Problem to work on - Begin with the line below holding "The most important" and go on through the line holding "donde n es el", duplicating each line exactly and leaving out pictures.

Exercise materials -
---

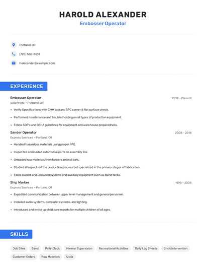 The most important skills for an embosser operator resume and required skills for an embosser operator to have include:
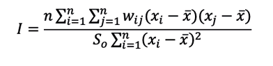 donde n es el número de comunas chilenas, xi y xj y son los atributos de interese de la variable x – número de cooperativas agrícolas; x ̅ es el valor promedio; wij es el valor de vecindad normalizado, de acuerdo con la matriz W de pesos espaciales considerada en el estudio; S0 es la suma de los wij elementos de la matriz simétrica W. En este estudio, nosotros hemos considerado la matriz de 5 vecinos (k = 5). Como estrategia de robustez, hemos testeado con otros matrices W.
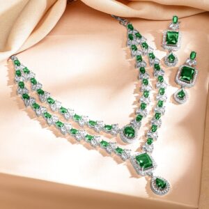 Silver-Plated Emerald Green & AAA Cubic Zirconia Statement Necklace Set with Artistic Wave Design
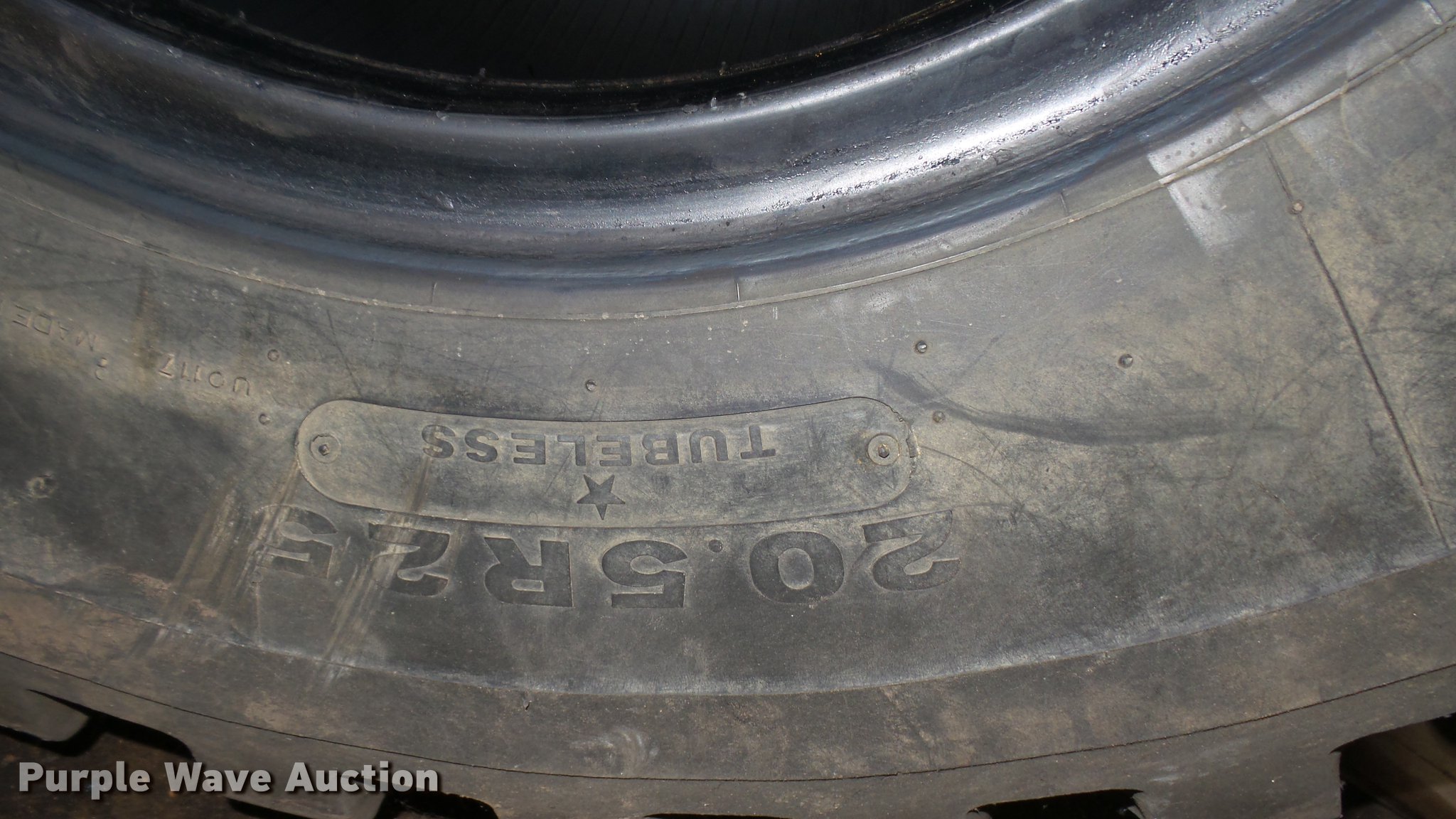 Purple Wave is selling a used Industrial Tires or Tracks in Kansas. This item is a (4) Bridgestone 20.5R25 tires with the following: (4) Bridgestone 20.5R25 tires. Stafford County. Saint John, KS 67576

---

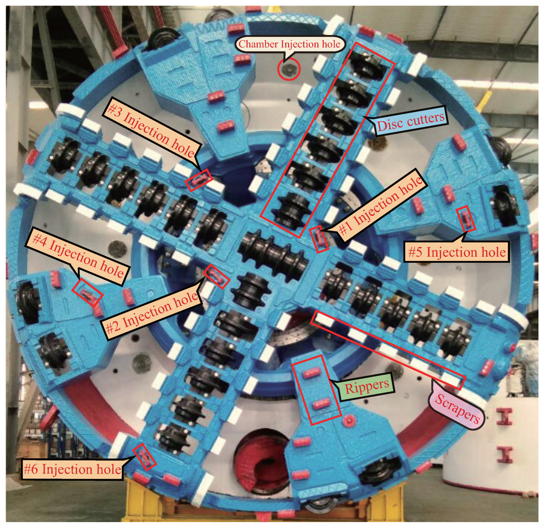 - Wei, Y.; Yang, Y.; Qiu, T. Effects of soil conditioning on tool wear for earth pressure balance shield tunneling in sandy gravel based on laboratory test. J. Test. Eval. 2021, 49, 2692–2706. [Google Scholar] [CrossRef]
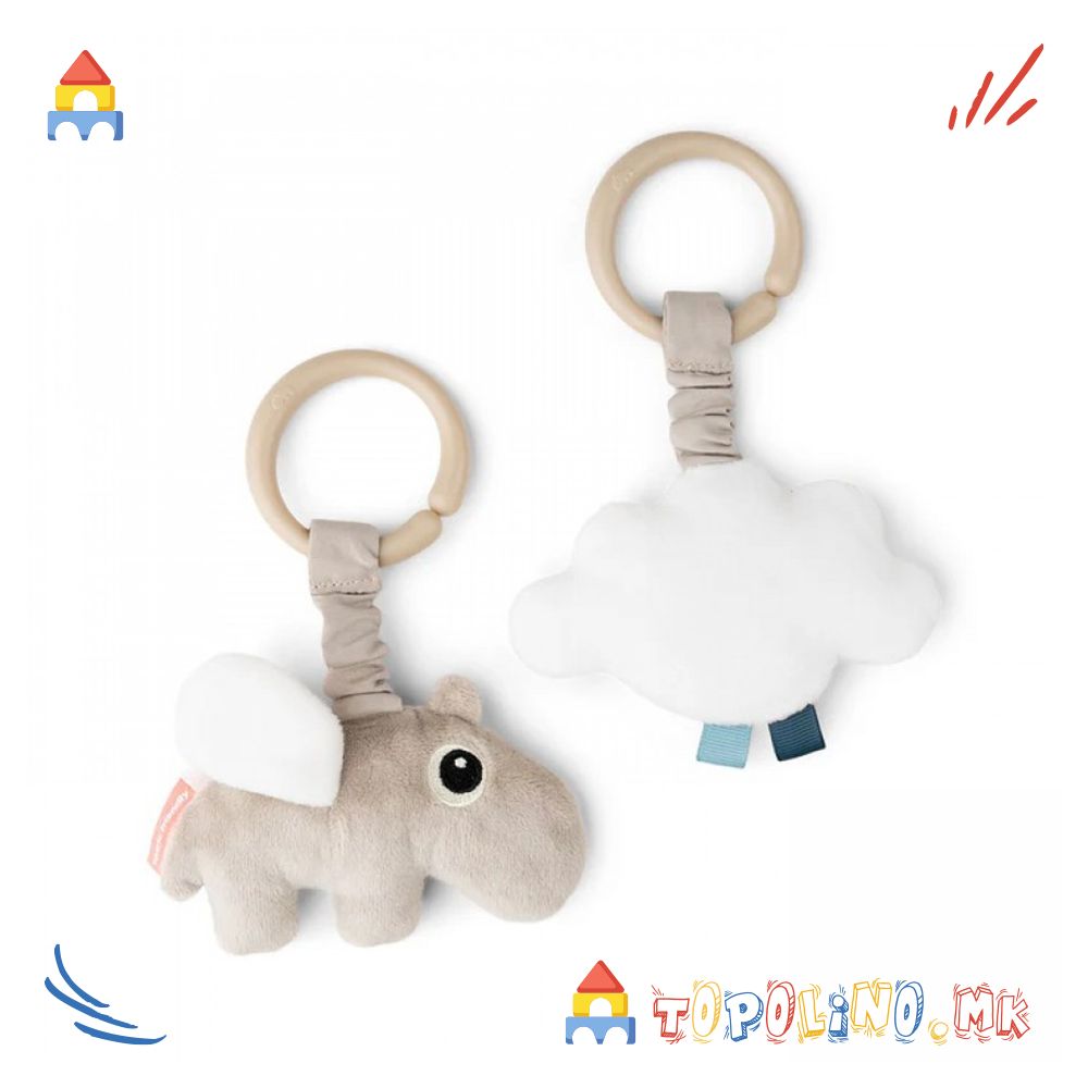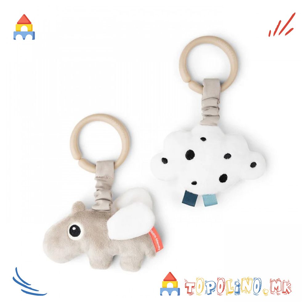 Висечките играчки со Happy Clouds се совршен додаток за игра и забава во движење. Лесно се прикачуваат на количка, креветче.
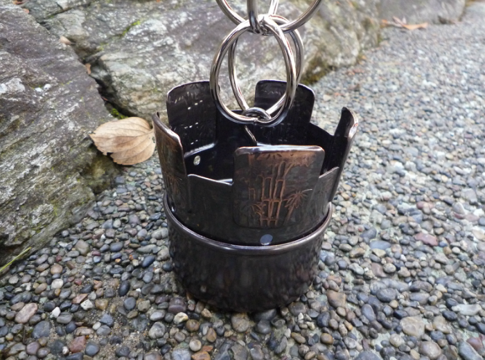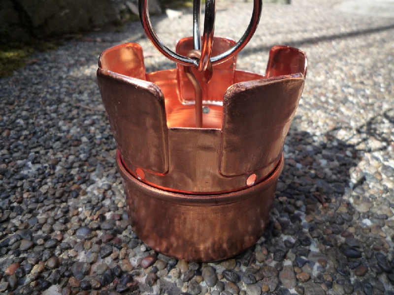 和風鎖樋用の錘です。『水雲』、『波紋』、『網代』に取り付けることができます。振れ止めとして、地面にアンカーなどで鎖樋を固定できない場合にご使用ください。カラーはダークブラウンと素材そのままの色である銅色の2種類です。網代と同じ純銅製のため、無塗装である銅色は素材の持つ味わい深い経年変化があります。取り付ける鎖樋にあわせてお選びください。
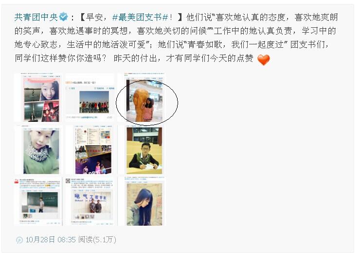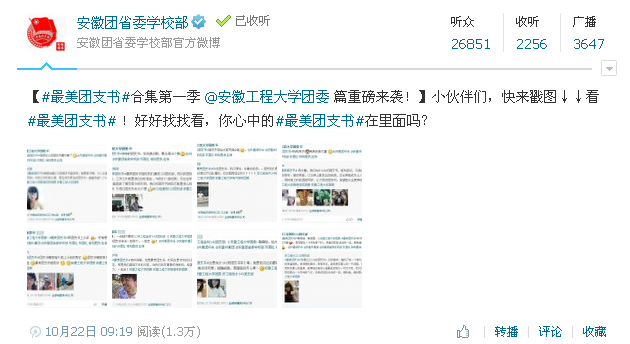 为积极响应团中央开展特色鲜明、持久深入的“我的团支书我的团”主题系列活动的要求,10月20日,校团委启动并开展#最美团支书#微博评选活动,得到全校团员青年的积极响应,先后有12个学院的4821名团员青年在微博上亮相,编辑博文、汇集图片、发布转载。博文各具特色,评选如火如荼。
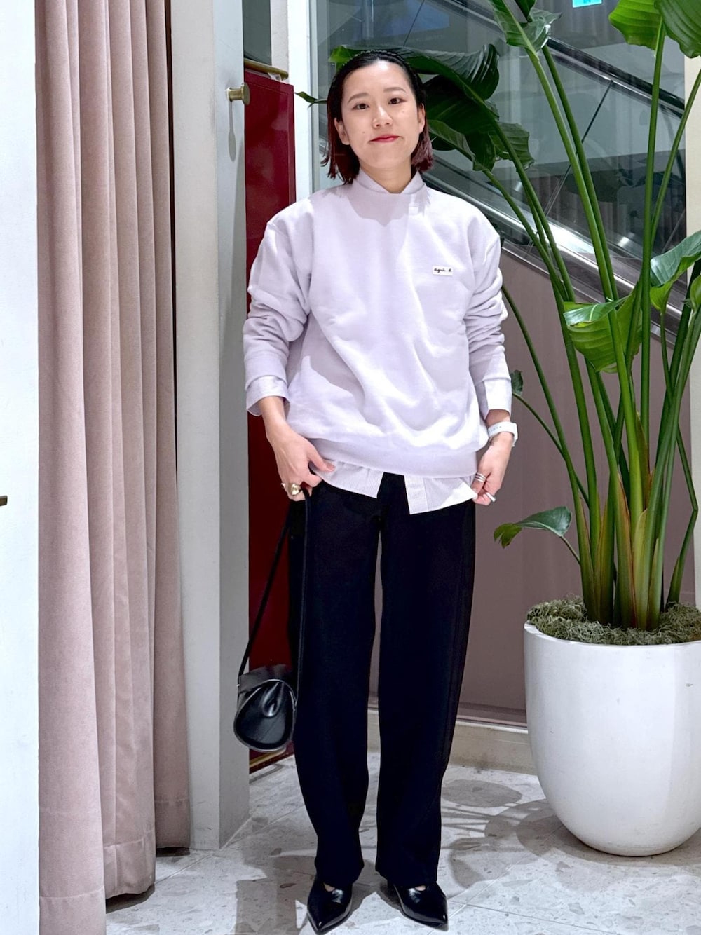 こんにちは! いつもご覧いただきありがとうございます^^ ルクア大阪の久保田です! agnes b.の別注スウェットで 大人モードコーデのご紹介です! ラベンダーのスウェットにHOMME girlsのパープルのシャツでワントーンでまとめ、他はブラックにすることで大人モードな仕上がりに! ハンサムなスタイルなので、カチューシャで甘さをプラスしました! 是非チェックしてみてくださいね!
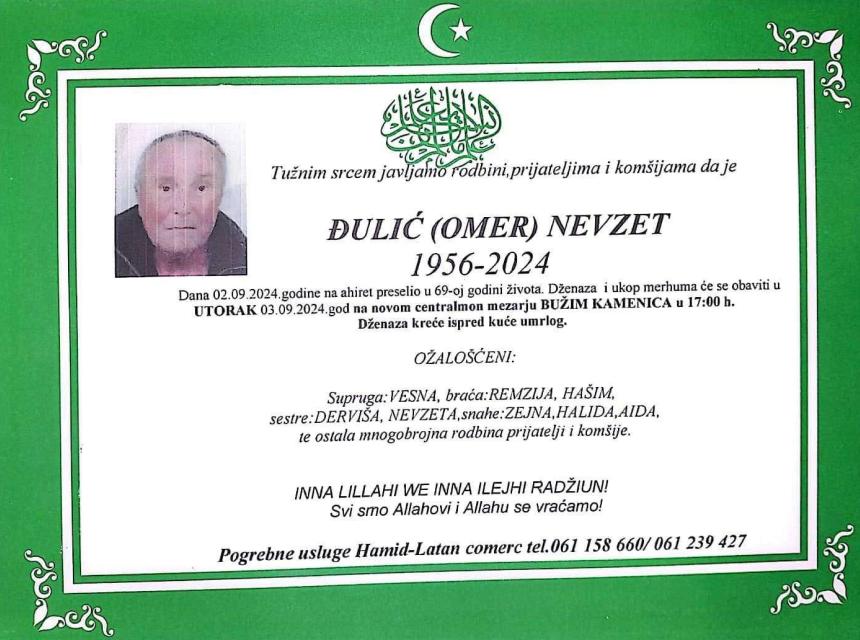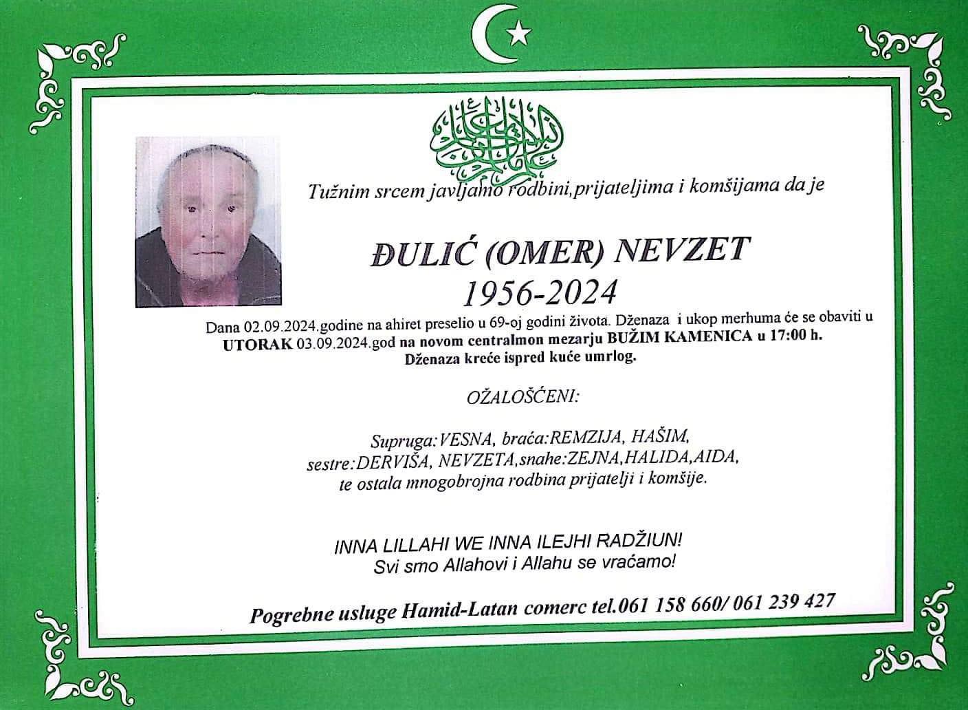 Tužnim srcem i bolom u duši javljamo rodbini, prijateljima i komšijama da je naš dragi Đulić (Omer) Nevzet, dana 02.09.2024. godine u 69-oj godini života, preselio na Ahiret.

---

Output for this task -
 The most important skills for an embosser operator resume and required skills for an embosser operator to have include:
 donde n es el número de comunas chilenas, xi y xj y son los atributos de interese de la variable x – número de cooperativas agrícolas; x ̅ es el valor promedio; wij es el valor de vecindad normalizado, de acuerdo con la matriz W de pesos espaciales considerada en el estudio; S0 es la suma de los wij elementos de la matriz simétrica W. En este estudio, nosotros hemos considerado la matriz de 5 vecinos (k = 5). Como estrategia de robustez, hemos testeado con otros matrices W.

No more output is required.